**Task goal:**
Below are entries; copy exactly the lines from the one with "Crafted from 100%" through the one with "兒童腫瘤洗澡自查方法:洗澡時", both included, and leave out the rest.

**** Available records

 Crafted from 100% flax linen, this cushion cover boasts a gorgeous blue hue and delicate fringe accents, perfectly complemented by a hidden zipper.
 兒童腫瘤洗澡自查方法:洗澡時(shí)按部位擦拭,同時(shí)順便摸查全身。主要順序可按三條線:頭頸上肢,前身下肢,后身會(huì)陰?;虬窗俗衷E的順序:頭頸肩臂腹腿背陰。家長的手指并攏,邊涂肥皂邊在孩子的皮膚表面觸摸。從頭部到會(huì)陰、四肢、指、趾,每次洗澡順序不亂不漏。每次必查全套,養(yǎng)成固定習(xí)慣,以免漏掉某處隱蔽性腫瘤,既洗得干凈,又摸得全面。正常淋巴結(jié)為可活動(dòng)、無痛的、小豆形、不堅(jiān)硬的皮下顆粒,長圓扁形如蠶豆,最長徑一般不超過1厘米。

********
**** Available records

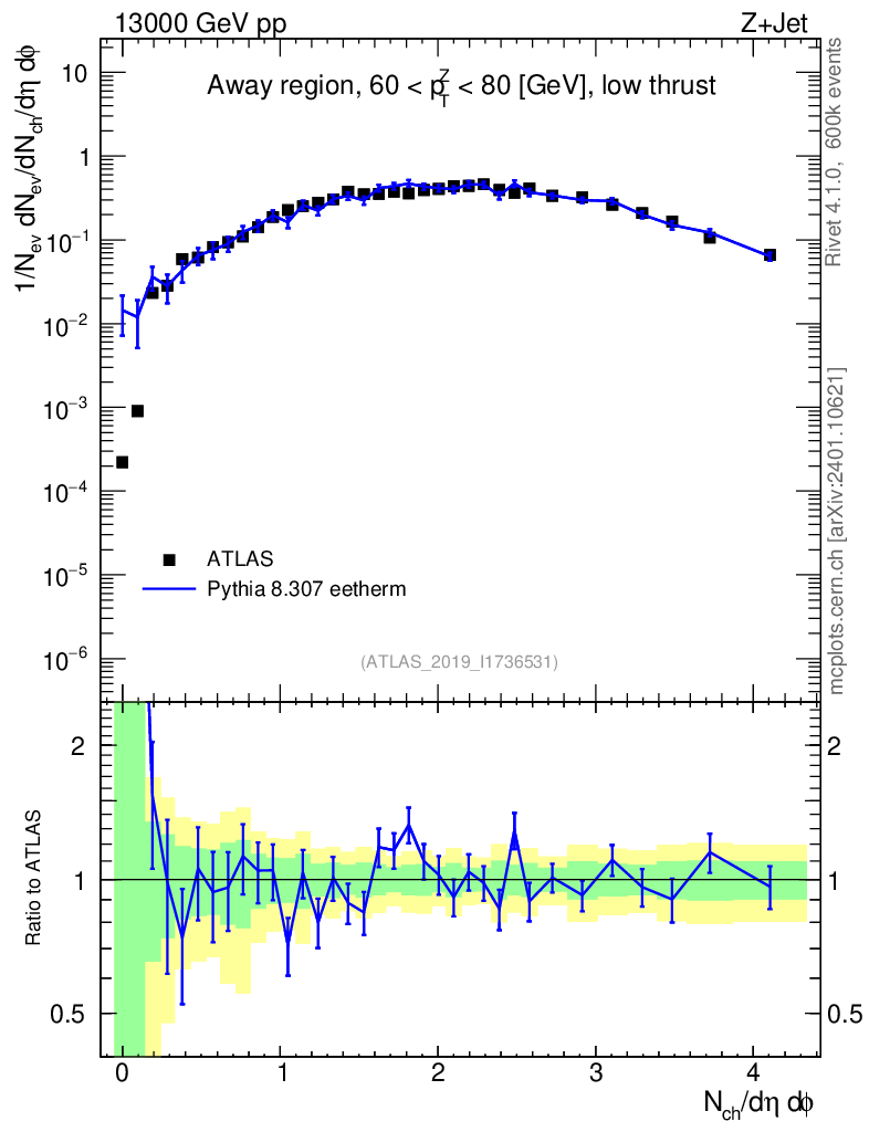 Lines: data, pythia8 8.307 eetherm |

********

**Answer to this exercise:**
 Crafted from 100% flax linen, this cushion cover boasts a gorgeous blue hue and delicate fringe accents, perfectly complemented by a hidden zipper.
 兒童腫瘤洗澡自查方法:洗澡時(shí)按部位擦拭,同時(shí)順便摸查全身。主要順序可按三條線:頭頸上肢,前身下肢,后身會(huì)陰?;虬窗俗衷E的順序:頭頸肩臂腹腿背陰。家長的手指并攏,邊涂肥皂邊在孩子的皮膚表面觸摸。從頭部到會(huì)陰、四肢、指、趾,每次洗澡順序不亂不漏。每次必查全套,養(yǎng)成固定習(xí)慣,以免漏掉某處隱蔽性腫瘤,既洗得干凈,又摸得全面。正常淋巴結(jié)為可活動(dòng)、無痛的、小豆形、不堅(jiān)硬的皮下顆粒,長圓扁形如蠶豆,最長徑一般不超過1厘米。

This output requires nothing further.